In an interview, Mr. Martin said he was pleased with the stock market reaction. Priced at $19.50 a share, the stock rose nearly 7% and closed at $20.84.
By 2014, the company will be renamed Voya Financial, and all of its products will be rebranded under the Voya name.
The IPO represents about 65.2 million shares, reducing the stake held by the company’s parent, the Dutch financial giant ING Group, to 75%.
Mr. Martin said ING Group will sell at least another 25% by the end of 2014, and sell its remaining shares by 2016.
The ING U.S. underwriters initially had priced the IPO in the range of $21 to $24 a share, indicating it could have raised as much as $1.5 billion instead of the approximately $1.3 billion at Thursday’s opening price.
“The pricing of a transaction of this size is more art than science,” Mr. Martin said.
The spinoff of ING U.S. will enhance its strategy of promoting retirement readiness, helping consumers with “asset accumulation, protection and distribution,” Mr.
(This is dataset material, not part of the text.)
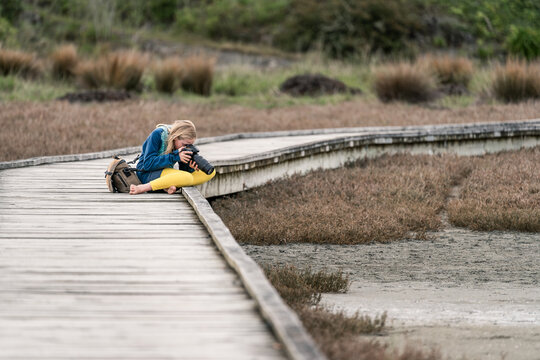 Camera, photographer and elderly woman taking pictures while hiking in a forest, calm and content. Nature, photography and senior lady enjoying retirement, relax and hobby while on vacation outdoors

Martin said.
For the year ended Dec. 31, ING U.S. had pre-tax earnings of $1.1 billion, of which 74% came from its retirement and investment businesses, he said.
According to Pension & Investments’ survey of DC plan record keepers, ING U.S. was the fifth largest in assets, second largest in number of sponsors and third largest in number of participants as of Sept. 30, 2012.